• **Supplied data**:
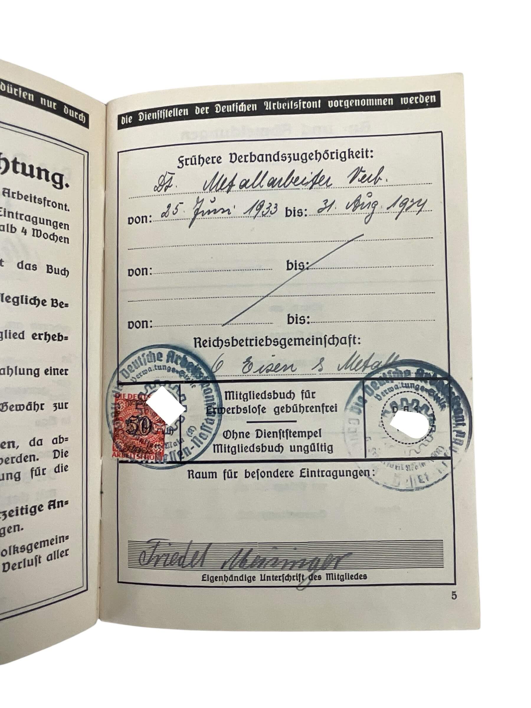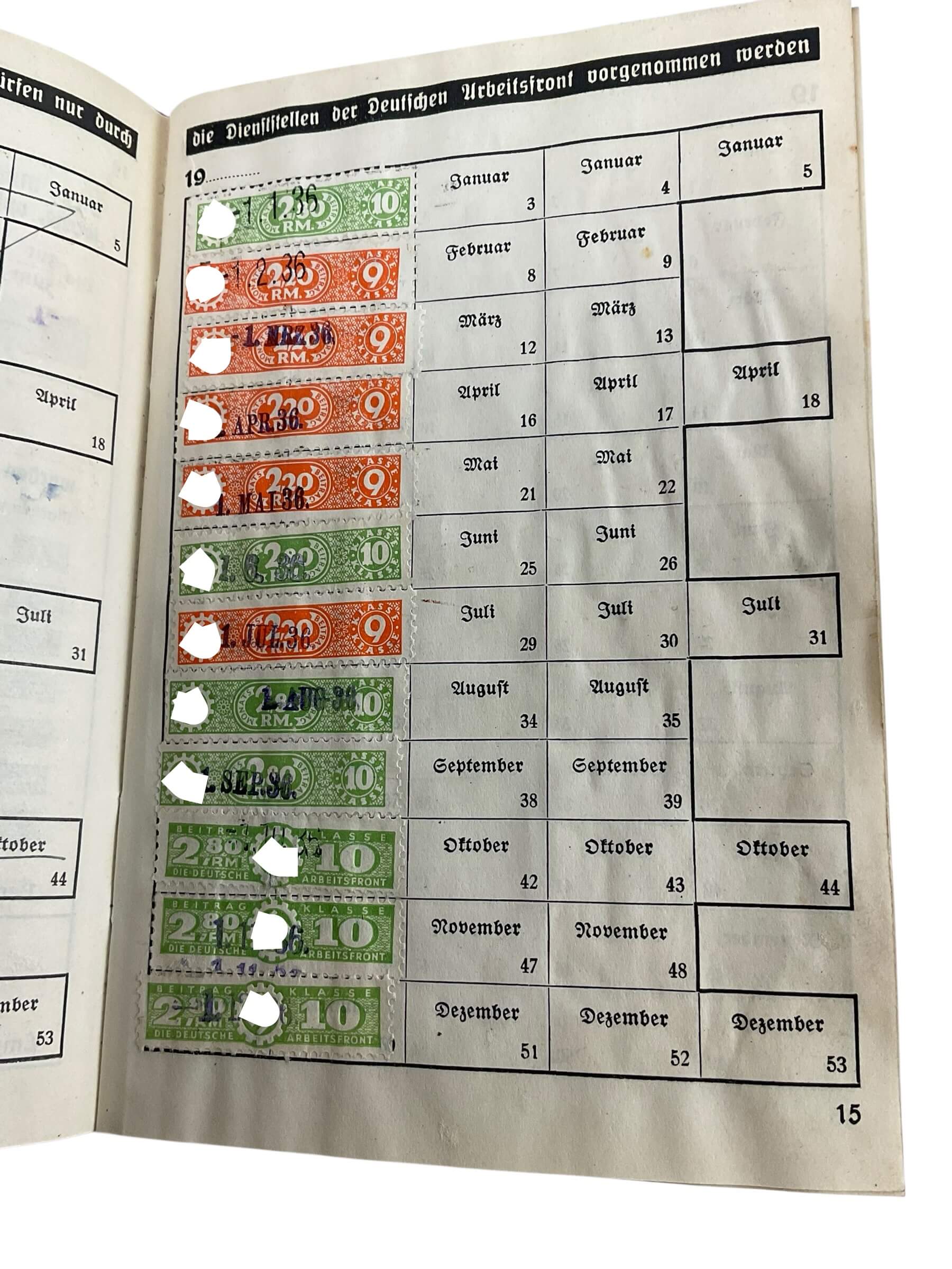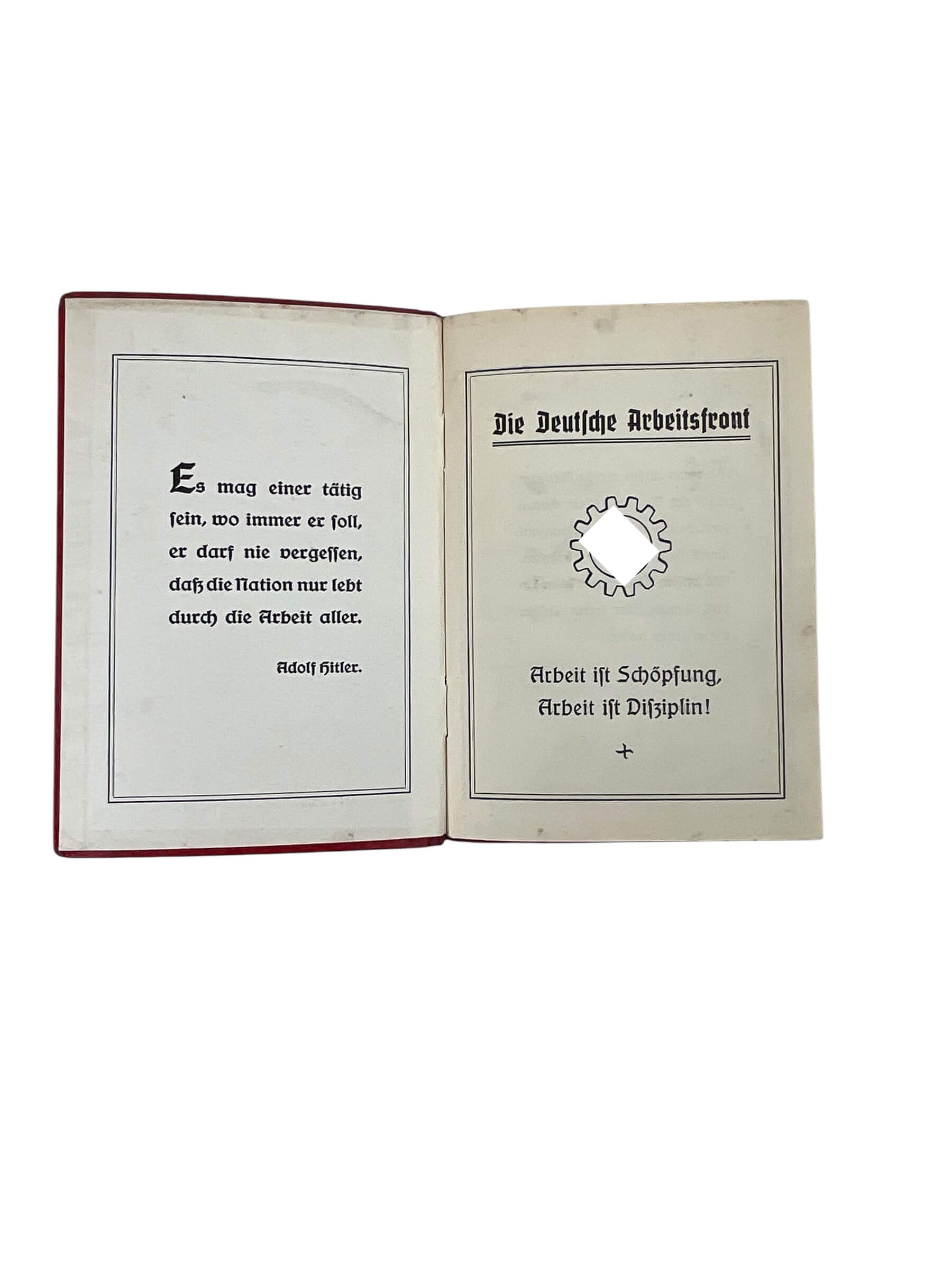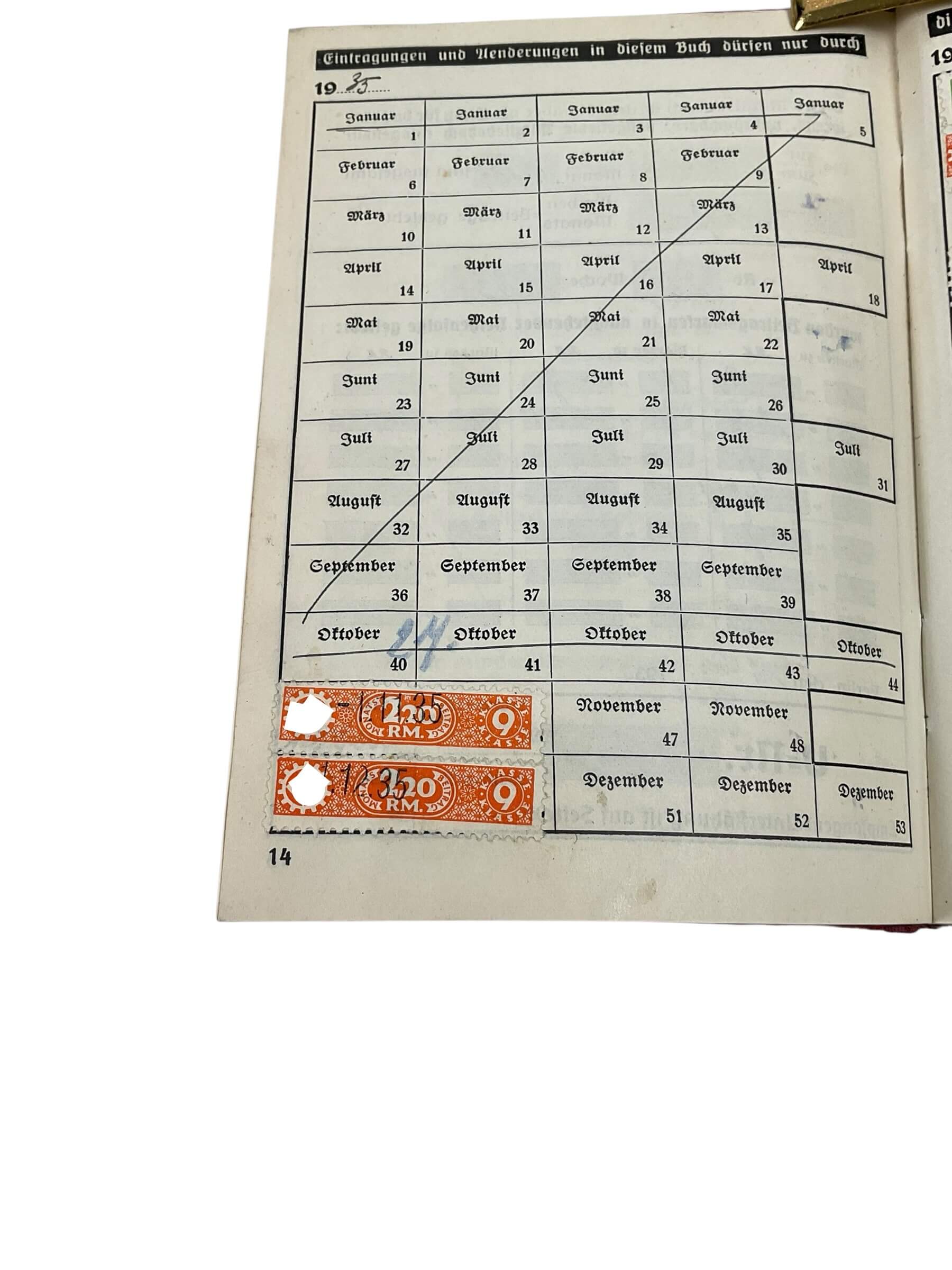 The WW2 German RAD Workers Book is an original identification and record booklet issued to members of the Reichsarbeitsdienst (RAD), or Reich Labour Service, during the period of the Third Reich. The RAD was a major labor organization in Nazi Germany, established to provide mandatory public works service and as a form of pre-military training. The book typically contains the individual’s personal information, service records, assignments, and official stamps or notations documenting their period of employment within the RAD. It often features printed and handwritten entries, and may include the RAD insignia on the cover. These booklets were required for administrative purposes, serving both as proof of service and for the dissemination of official directives. The item provides historical insight into the organization and operation of the Reich Labour Service as well as into the documentation practices of wartime Germany. This booklet is of interest for study of World War II era bureaucratic processes and labor organizations.
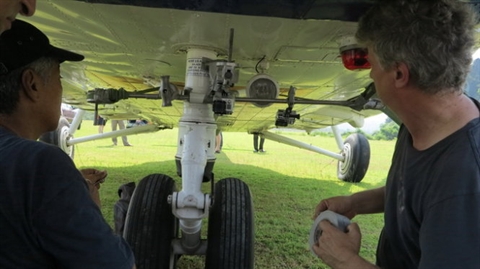 | Un hélicoptère qui transporte des équipements dans la grotte. |
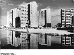 The Rieth is connected to the Erfurt city centre by Erfurt Stadtbahn tram lines 1 and 6. The name Rieth frequently appears in Thuringia as a component of place names. These are river floodplains reclaimed in the Middle Ages, which had previously become marshy and had been drained. Today's Rieth district is also located in such a floodplain between the Gera River in the west and the river Schmale Gera in the east. The Rieth was the first GDR housing estate with a complex centre in its centre, but the Johannesplatz was the first prefabricated housing estate to be built in Erfurt in 1965.
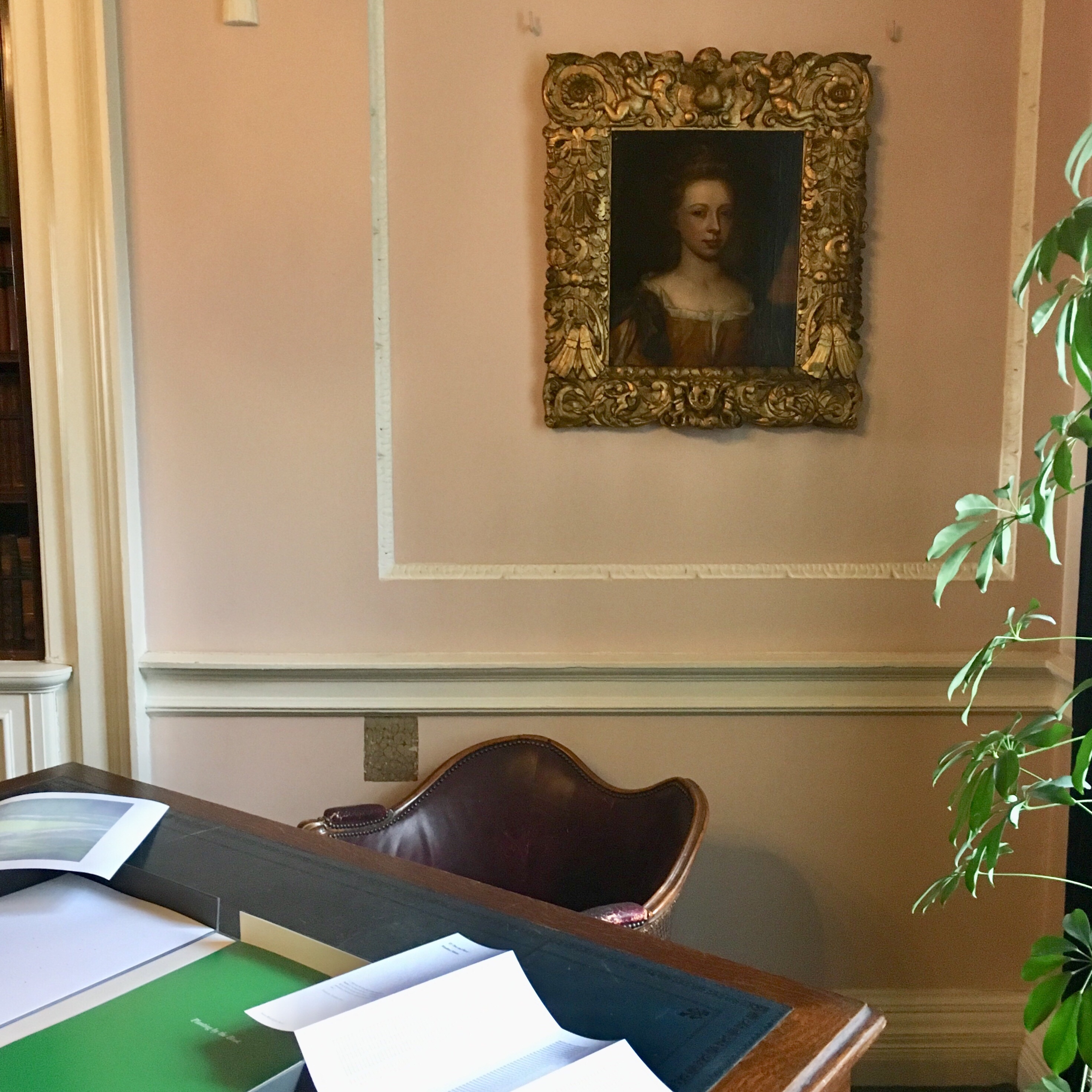 I first visit this painting at Glasgow Museum Resource Centre in Feb 2018. The work had been temporarily re-located to this store whilst building work was taking place in several of the rooms at Pollok House. I don’t want to miss any detail in this first meeting with her. Accompanied by the two museum curators who facilitate this visit, they stand aside whilst I look at the painting. I then examine the slim folder that accompanies it. There are no biographical details; the index only includes a curator entry on the condition of the painting. The gold relief frame, complete with heart and cherubs, seems at odds with the considered portrait within. The museum curators ask me if I wish for the painting to be turned over. The back is marked with a hand-painted inscription: ‘Mrs Salisbury or Priddon. Dahl Pinxt’.

• **Action item**:
Restate the material word for word from its first line through the line containing "la grotte. |", both included; the pictures do not belong in it.

• **Solution to this exercise**:
 The WW2 German RAD Workers Book is an original identification and record booklet issued to members of the Reichsarbeitsdienst (RAD), or Reich Labour Service, during the period of the Third Reich. The RAD was a major labor organization in Nazi Germany, established to provide mandatory public works service and as a form of pre-military training. The book typically contains the individual’s personal information, service records, assignments, and official stamps or notations documenting their period of employment within the RAD. It often features printed and handwritten entries, and may include the RAD insignia on the cover. These booklets were required for administrative purposes, serving both as proof of service and for the dissemination of official directives. The item provides historical insight into the organization and operation of the Reich Labour Service as well as into the documentation practices of wartime Germany. This booklet is of interest for study of World War II era bureaucratic processes and labor organizations.
 | Un hélicoptère qui transporte des équipements dans la grotte. |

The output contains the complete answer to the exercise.